Prince Henry is portrayed as a wayward teenager, who dislikes authority and has no desire for the throne or the complications of court politics and international diplomacy. Suddenly this emo teenager has the full weight of the English crown thrust on his shoulders, and pretty soon, against his will, he is at war with France and the famous field in Agincourt is calling.

There are virtually no women in this film. It’s as study of men. How men rule, how men lead and how men fight. And ultimately, how they lie.

The fight scenes are not bloody. They’re muddy. Smack, bang, wallop in the mud. But they feel realistic. I think the makers of The King have spent a lot of time talking to medieval armor experts and thinking about how fights in armor, between armored knights, would actually have played out.

While Agincourt is remembered for the English archers securing victory with their longbows, their effect in the battle, while important, is not portrayed as the decisive factor by a long way. It’s the use of the terrain, strategy and hand to hand combat that secures victory.

And the grappling. There is so much grappling. Specifically, grappling with weapons and armour. Forcing the opponent to the ground and working a blade in or bashing their head with a hammer.

The key factors seem to be, wrestling, impact from momentum (blunt or sharp edged weapons), and finally the environment – the mud.

Xing Yi, a Chinese martial art which I talk about a lot on this blog, has battlefield origins and seems equally obsessed with weapons, armour and the environment. The strikes in Xing Yi’s 12 animals all target weak points in armor. The bits where the joints in the human body are and the armor is, by necessity, weak to allow the limbs to move – up under the armpit, the inner thigh and the neck are obvious examples.

Another thing that Xing Yi emphasis is the stepping. So much emphasis is placed on making sure you don’t slip or trip in Xing Yi training. My XingYi teacher would insist on us stepping with the whole foot landing flat, never the normal heel toe action of walking.

Back when I was learning from him regularly we used to train outside (whatever the weather), so often this was on wet grass. Trust me – you don’t appreciate that heel toe stepping is vulnerable to slipping until you try it at speed on wet grass.

Over time we seem to forget these little things in our training, because in our modern life they are rather unimportant. People don’t wear armor these days and we usually train martial arts on flat wooden floored gymnasiums or village halls, in the dry. Watching The King was a good reminder of their importance. It’s the simple things like this that make the difference between living and dying on a battlefield.

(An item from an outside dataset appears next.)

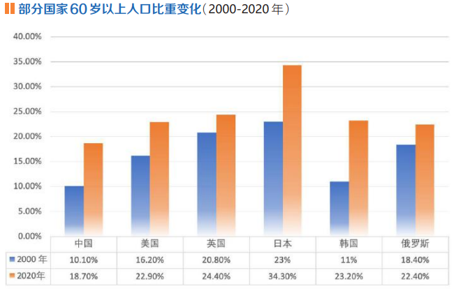 对比部分国家2000-2020年60岁以上老人年口比重变化,在美国、英国、日本、韩国、俄罗斯及中国七个国家中,中国、日本、韩国三个亚洲国家老龄化速度快于其他国家,在20年间比重分别增加8.6%、11.3%、12.2%。

When it comes to grappling in armor, The King suggests that tripping or simply unbalancing the opponent is the decisive factor. Forget the big hip and shoulder throws of judo, and think more about the little leg hooks and sweeps you find in folk style wrestling. It makes me think of those jacketed styles of folk wrestling which have survived today in isolated corners of the world, or the descriptions you read of Irish collar and elbow wrestling (sadly now lost), which start from a position of already being in a clinch with the upper body and the leg tricks where the art is found. Suddenly the reasons for training wrestling like that makes much more sense.

I enjoyed The King for all these reasons. Perhaps the closest we’ll ever get to a battlefield type situation in modern civilian life is a game of rugby. Either being in one or watching one.

In short, The King is great, war is a muddy business, and I need to start thinking about my stepping again.

Irish Collar and Elbow wrestling, (back from beyond the grave)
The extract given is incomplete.